You want to find the equation of the image of 𝓁 after a dilation with a scale factor of 1/4 , centred at the origin. Call this image 𝓁’

To find the equation of 𝓁’ , you need two points that lie on  𝓁’ .Begin by finding two points that lie on 𝓁 .

Start with the y-intercept. Since the equation of 𝓁 in slope-intercept form is y=-2x-4 the y-intercept is (0 , -4).

Next, since the slope of 𝓁 is -2 , which can be written as -2/1 , move down 2 and right 1 from (0 , -4) to find a second point on 𝓁 , (1 , -6).

So, the points  (0 , -4) and (1 , -6) lie on 𝓁  To find two points on 𝓁‘, apply the dilation

(X , Y) ↦ (1/4 X , 1/4 Y )

(0 , -4) ↦ (0 , -4/4 ) = (0 ,-1)

(1 , -6) ↦ (1/4 , -6/4 ) = (1/4 , -3/2)

The image of the y -intercept of 𝓁 is (0 ,-1) , which is the  y-intercept of 𝓁’ . In general, the y-intercept of  a line’s image after a dilation centred at the origin is the image of the y-intercept  of the original line. This is because the x-coordinate of the y-intercept is 0, so multiplying by the scale factor of the dilation does not change its value.

Next, use the slope formula to find the slope of 𝓁‘.

Slope of 𝓁‘ = Y₂ -Y₁ / X₂ -X₁ Slope formula

= -3/2- -1 / 1/4-0 Plug in Y₂ = -3/2 , Y₁ = -1 ,X₂ = 1/4 and  X₁ =0

= -1/2 / 1/4 Subtract

= -1/2 . 4/1 To divide, multiply by the reciprocal

= -4/2 Multiply

= -2 Simplify

So, the slope of 𝓁‘  is -2 which is the same as the slope of 𝓁 . Since 𝓁‘ and 𝓁 have the same slope but different y-intercepts , they are parallel. In general, if a line does not pass through the centre of the dilation, then it is parallel to its image.

Finally, since 𝓁‘ has a slope of -2 and a y-intercept of – 1, the equation of 𝓁‘ in slope-intercept form is Y = -2X-1.

You want to find the equation of the image of 𝓁 after a dilation with a scale factor of 2 , centred at the origin.

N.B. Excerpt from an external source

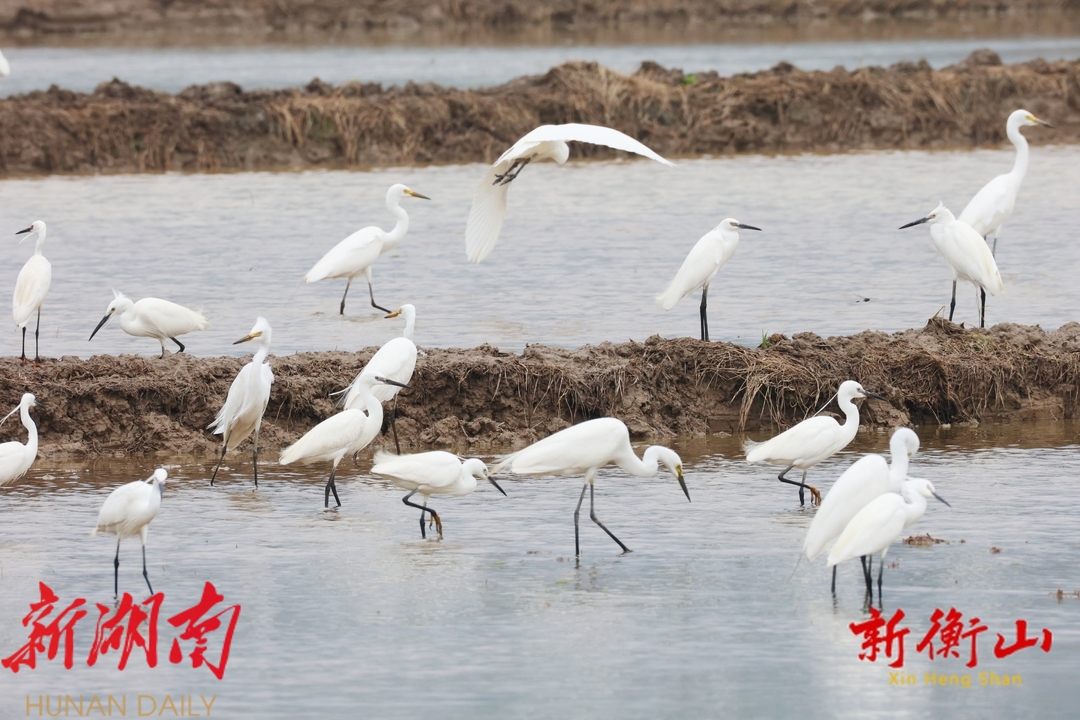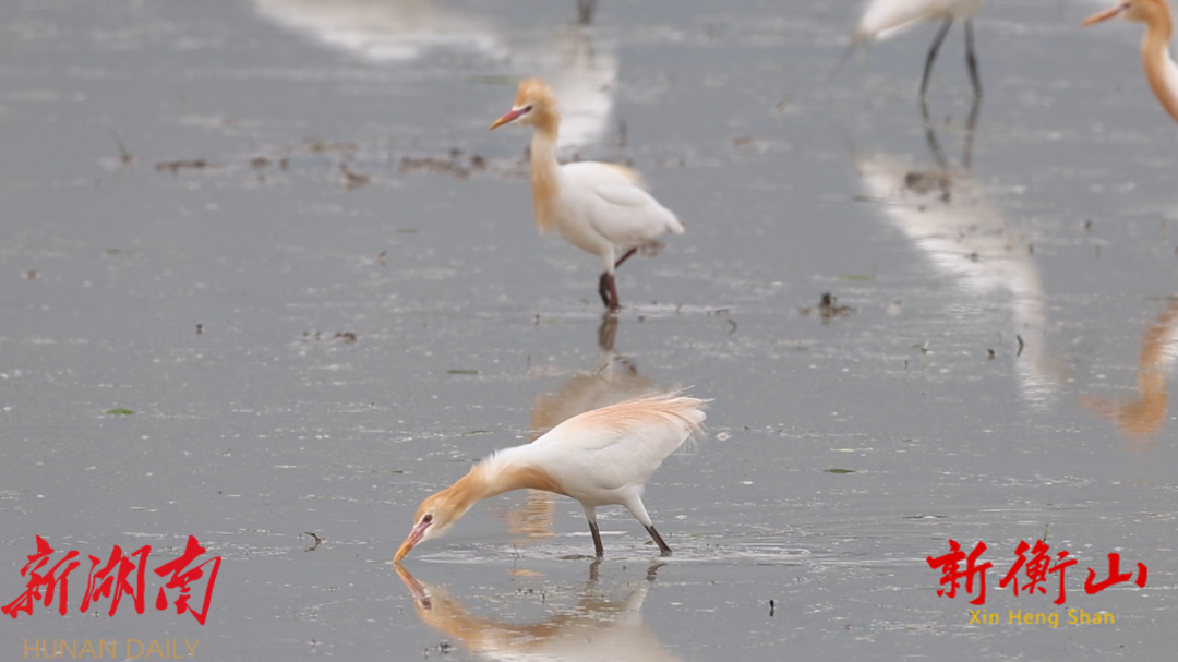 近几年,衡山县不断加强生态环境建设,加大候鸟保护力度,同时,大力推广绿色高质高效高产水稻生产模式,自然生态环境不断改善,吸引了越来越多的鹭鸟前来安家落户、繁衍后代。每到耕种犁田时,泥土里翻出来的昆虫、蚯蚓、泥鳅、黄鳝等吸引大批白鹭、牛背鹭等鹭鸟前来觅食。

Call this image 𝓁’

To find the equation of 𝓁’ , you need two points that lie on  𝓁’ .Begin by finding two points that lie on 𝓁 .

Start with the y-intercept. Since the equation of 𝓁 in slope-intercept form is y=1/3x+3 the y-intercept is (0 , 3).

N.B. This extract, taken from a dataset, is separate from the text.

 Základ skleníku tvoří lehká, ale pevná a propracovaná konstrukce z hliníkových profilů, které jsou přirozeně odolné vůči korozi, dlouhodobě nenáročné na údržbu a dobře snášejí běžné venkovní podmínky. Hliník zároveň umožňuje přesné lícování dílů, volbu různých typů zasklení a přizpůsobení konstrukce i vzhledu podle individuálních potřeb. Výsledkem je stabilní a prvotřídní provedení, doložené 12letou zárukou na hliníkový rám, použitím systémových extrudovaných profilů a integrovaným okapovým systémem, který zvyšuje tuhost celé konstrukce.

Next, since the slope of 𝓁 is 1/3 , move up  1 and right 3 from (0 , 3) to find a second point on 𝓁 , (3 , 4).

So, the points  (0 , 3) and (3 , 4) lie on 𝓁  To find two points on 𝓁‘, apply the dilation

(X , Y) ↦ (2 X , 2 Y )

(0 , 3) ↦ (0 , 6 )

(3 , 4) ↦ (6 , 8 )

The image of the y -intercept of 𝓁 is (0 ,6) , which is the  y-intercept of 𝓁’ . In general, the y-intercept of  a line’s image after a dilation centred at the origin is the image of the y-intercept  of the original line. This is because the x-coordinate of the y-intercept is 0, so multiplying by the scale factor of the dilation does not change its value.

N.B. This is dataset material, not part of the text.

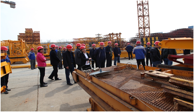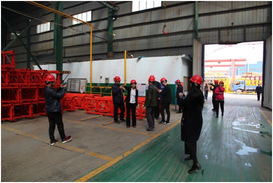 技術(shù)人員陪同質(zhì)安中心主要領(lǐng)導(dǎo)和各單位負(fù)責(zé)人參觀了大漢股份的塔機(jī)維修車間。
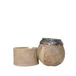 Mate uruguayo de calabaza forrada en cuero crudo con virola y guarda de alpaca cincelada a mano. Incluye base de cuero crudo.

Next, use the slope formula to find the slope of 𝓁‘.

Slope of 𝓁‘ = Y₂ -Y₁ / X₂ -X₁ Slope formula

= 8-6 / 6-0 Plug in Y₂ =8 , Y₁ = 6 ,X₂ = 6 and  X₁ =0

=2/6 Subtract

= -1/2 . 4/1 To divide, multiply by the reciprocal

= 1/3 Simplify

So, the slope of 𝓁‘  is 1/3 which is the same as the slope of 𝓁 . Since 𝓁‘ and 𝓁 have the same slope but different y-intercepts , they are parallel. In general, if a line does not pass through the centre of the dilation, then it is parallel to its image.

Finally, since 𝓁‘ has a slope of 1/3 and a y-intercept of 6, the equation of 𝓁‘ in slope-intercept form is Y = 1/3 X +6.